In September 2015, former President Barack Obama said outside the White House during Xi’s state visit that their two nations had “reached a common understanding” that would put an end to China’s “cyber-economic espionage for commercial gain.”

“We have agreed that neither the US nor the Chinese government will engage in or knowingly assist in any cyber-enabled theft of intellectual property, including trade secrets or other confidential business information, for commercial gain,” Obama said. “The question now is: Follow words with deeds?”

It was the same press conference where Xi said China has no intention of militarizing the artificial islands it is building in the South China Sea.

“If you look back at the history of the Chinese Communist Party, this type of espionage activity was at its core. They do not necessarily take our laws as binding. It’s their political culture,” said Lewis, who said the 2015 agreement. barely lasted six months.”

“There are implicit signals to tell the other side to pull out,” he said — closing consulates, expelling diplomats and imposing trade sanctions. “When a country gets caught, they never admit it, but they cut it down, at least for a while. The Chinese not only didn’t reduce the scope, they expanded it. The Chinese do not understand the hint.”
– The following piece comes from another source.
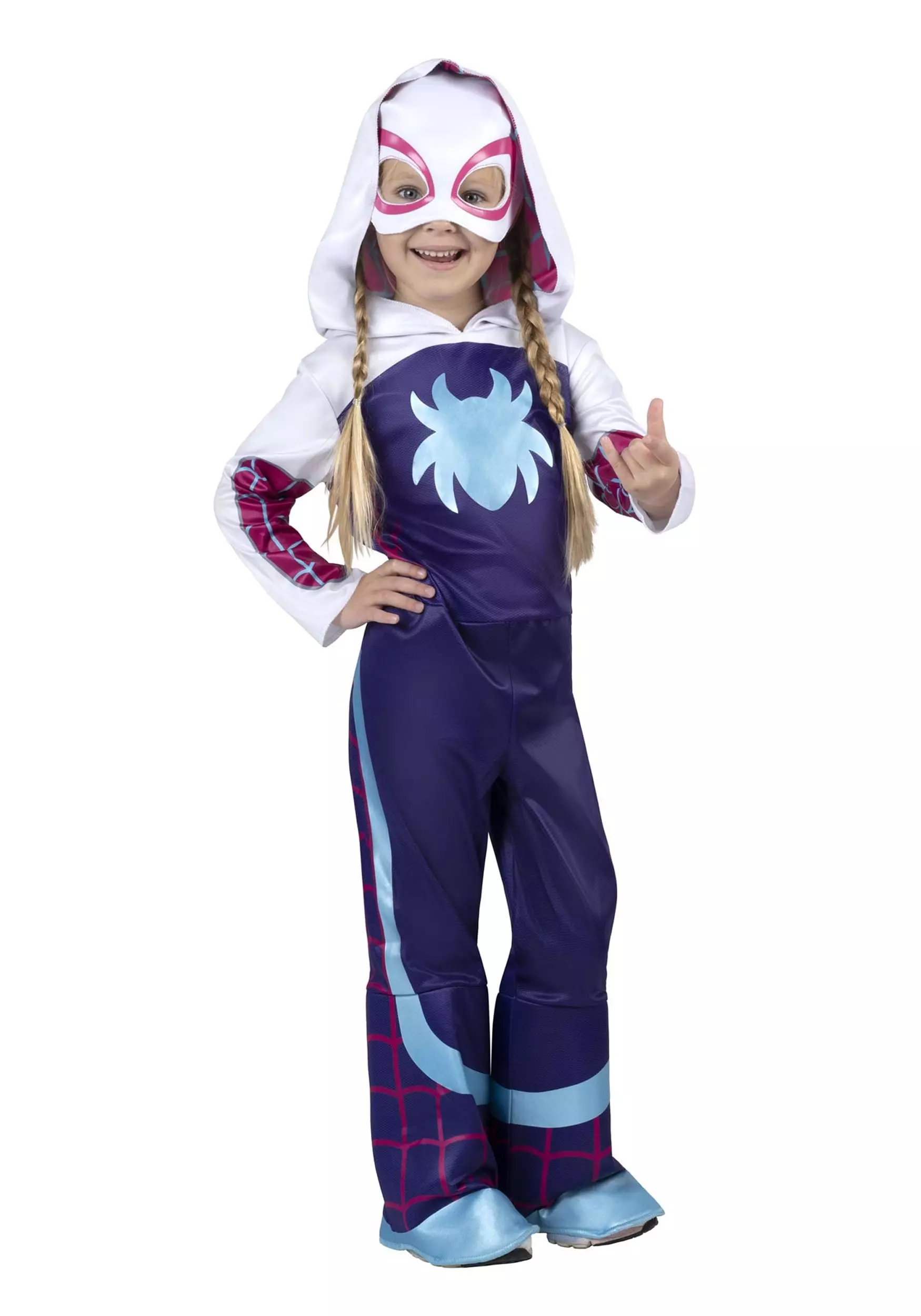 You are in luck if you are looking for an officially licensed Spider-Gwen costume. We know a guy who knows a guy from Earth-65 (she’s the Spider-Man of that reality, FYI). Between the sleek graphics depicting Ghost Spider’s suit, the pink, white, and blue color scheme, and of course, that sweet hood, you’d think we plucked this suit right out of the comics. Show everyone who the most astonishing spider on the block is with this Girl’s Ghost Spider Toddler Costume.

National champions of the People’s Republic of China, from telecommunications to aerospace to infrastructure, have all benefited from illicit acquisition of technology.

“The Chinese have the largest hacking program in the world, far larger than all major nations combined. And they have stolen more of our corporate personal information than any nation, big or small, combined,” FBI Director Christopher Wray told the Senate Intelligence Committee March 8.

Avril Haines, the director of national intelligence, warned American companies of the risks of Beijing’s forced transfer of technology “to bolster its domestic capabilities.”

“China has laws that allow them to … basically force these companies to provide information that can help expand their intellectual property and ultimately boost their own competitiveness in this space,” she said at the same hearing. “And they have also obtained information from our companies even outside of China and from Western companies through espionage and other means, and that in and of itself is a problem.”

“The American idea of ​​separating defense and economy – this is not the same as in the PRC. They’re connected in their heads,” said Blake Herzinger, a nonresident collaborator at the American Enterprise Institute. “If you have an opponent who isn’t watching that kind of air gap, then his vision is the one that’s true.”

“A lot of countries keep this air gap because it’s a very fast race to the bottom when superpowers hack each other’s national champions and key industries,” Herzinger said news week. “It’s a very dangerous path and it’s unfortunate.”

Obama-era officials now working under President Joe Biden will no doubt remember Xi’s short-lived promise to honor tacit red lines. The U.S. government made an effort earlier this month to put the U.S. on a more proactive stance with the release of a national cyber strategy that, with government help, is shifting responsibility for cybersecurity from end-users to the private sector.

Under the new guidelines to curb ransomware and other cybercrimes, proposed rules include industry-wide cybersecurity standards, more secure computer systems, and screening of cloud service customers.

“Traditionally, governments have dealt with cyber espionage by building closed networks for their high end, national security, defense, intelligence and sensitive government communications. That’s getting harder and harder to defend because there are so many plug-in points,” said Mark Watson, Washington, DC office chief of the Australian Strategic Policy Institute

Western governments are now imposing “direct obligations, responsibilities and penalties for failure to protect” on the private sector, he said news week. “That’s the risk that governments are wrestling with, they feel they can’t leave it to the private sector and they can’t even leave it to the private sector to take advice. Now we don’t just need carrots, we need sticks.”